Press conference by NATO Secretary General Jens Stoltenberg following the meeting of the NATO-Georgia Commission at the level of Defence Ministers (February 16)
We just conducted a good meeting of the NATO-Georgia Commission. We examined the security situation in Georgia and we consulted on Black Sea security, including NATO’s strengthened presence in the region.
We also addressed Georgia’s progress in implementing defence reforms, particularly the Strategic Defence Review. The Review will create more responsive, efficient and sustainable forces.
Georgia is making good progress working closely with NATO teams to implement the Substantial NATO-Georgia Package. This builds on our existing achievements. A Defence Institution Building School was inaugurated last year. Our Joint Training and Evaluation Centre has completed its first series of training sessions and exercises. And in November, eleven Allies and two partner countries participated in the second NATO-Georgia exercise.

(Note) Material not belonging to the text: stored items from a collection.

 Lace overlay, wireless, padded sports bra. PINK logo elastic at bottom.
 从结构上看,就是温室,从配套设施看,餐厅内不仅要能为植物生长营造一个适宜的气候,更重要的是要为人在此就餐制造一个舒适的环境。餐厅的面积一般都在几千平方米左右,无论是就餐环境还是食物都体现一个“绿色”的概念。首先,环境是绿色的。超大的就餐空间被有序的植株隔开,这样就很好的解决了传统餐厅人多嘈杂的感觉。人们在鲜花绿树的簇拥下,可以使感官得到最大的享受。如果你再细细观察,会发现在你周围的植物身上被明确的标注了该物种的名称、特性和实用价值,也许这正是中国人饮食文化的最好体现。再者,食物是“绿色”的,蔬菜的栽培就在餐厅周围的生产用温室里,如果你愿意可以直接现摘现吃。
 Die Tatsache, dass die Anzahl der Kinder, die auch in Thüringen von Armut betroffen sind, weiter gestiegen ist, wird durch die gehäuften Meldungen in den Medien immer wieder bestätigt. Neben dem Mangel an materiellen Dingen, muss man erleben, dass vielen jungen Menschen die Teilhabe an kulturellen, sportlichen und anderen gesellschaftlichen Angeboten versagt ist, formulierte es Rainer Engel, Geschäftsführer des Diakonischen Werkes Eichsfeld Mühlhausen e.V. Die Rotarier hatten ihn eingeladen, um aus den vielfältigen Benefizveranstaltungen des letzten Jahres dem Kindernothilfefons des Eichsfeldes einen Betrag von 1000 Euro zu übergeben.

NATO is strongly committed to Georgia’s security and territorial integrity. We are concerned by Russia’s deepening relations with the Abkhazia and South Ossetia regions of Georgia. We call on Russia to reverse its recognition of these regions and to withdraw its forces from Georgia.
And we will continue to work together and to provide the practical tools to help Georgia advance toward eventual NATO membership.

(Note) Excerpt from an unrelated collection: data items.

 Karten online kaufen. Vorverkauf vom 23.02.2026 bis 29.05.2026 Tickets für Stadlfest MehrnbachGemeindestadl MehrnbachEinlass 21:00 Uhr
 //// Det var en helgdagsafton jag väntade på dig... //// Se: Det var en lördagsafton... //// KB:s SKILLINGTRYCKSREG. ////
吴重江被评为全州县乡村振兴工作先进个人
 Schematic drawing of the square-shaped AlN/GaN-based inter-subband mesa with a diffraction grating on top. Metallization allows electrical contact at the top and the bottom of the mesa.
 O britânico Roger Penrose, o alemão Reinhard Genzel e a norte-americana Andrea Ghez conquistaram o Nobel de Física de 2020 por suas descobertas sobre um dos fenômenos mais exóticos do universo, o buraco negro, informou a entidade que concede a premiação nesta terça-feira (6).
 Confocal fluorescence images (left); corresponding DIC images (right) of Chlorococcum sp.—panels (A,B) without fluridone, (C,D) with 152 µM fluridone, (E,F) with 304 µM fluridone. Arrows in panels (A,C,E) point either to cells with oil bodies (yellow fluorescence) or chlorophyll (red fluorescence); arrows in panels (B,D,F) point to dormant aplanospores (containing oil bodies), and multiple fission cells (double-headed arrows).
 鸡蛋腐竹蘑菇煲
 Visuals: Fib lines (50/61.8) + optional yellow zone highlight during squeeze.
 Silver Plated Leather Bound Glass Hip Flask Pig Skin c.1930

And with that, I am ready to take your questions.
OANA LUNGESCU (NATO Spokesperson): Okay we go to NPR, third row.
Q: Mr. Secretary General in your earlier news conference you mentioned the letter from the Libyan Prime Minister. Can you tell us more about what exactly they’re asking for? NATO has long said, for years, that you’re ready to help Libya. What kind of training do you think might be a good match at this point given the situation inside Libya? Where is it conceivable that such training could take place? And how far can you go with a government that is, is in such a fragile situation itself? Thanks.
JENS STOLTENBERG (NATO Secretary General): We have said for some time that we are ready to help Libya. But of course any NATO assistance to Libya has to be based on request from the Libyan Government, from the Government of National Accord. This request was the request we received yesterday. So we are, we have just started to look into what kind of help and support but the request is about help for building security and defence institutions and that’s also what NATO has stated clearly that we are ready to help them with building institutions. It is extremely important to have good institutions, minister of defence, command, chief of staff, joint chief of staffs and other defence institutions because we need … Libya needs that framework to be able to develop their forces and stabilize their country. So we are working with the UN recognized Government of National Accord. I met with Prime Minister Sarraj several times and we met recently and now this request has been forwarded to NATO. So now we will start to work and look into exactly what kind of assistance we can provide but it’s related to institution building, helping them with building security and defence institutions. This can of course take place both in Libya but also outside Libya, that’s some of the issues that has not yet been decided.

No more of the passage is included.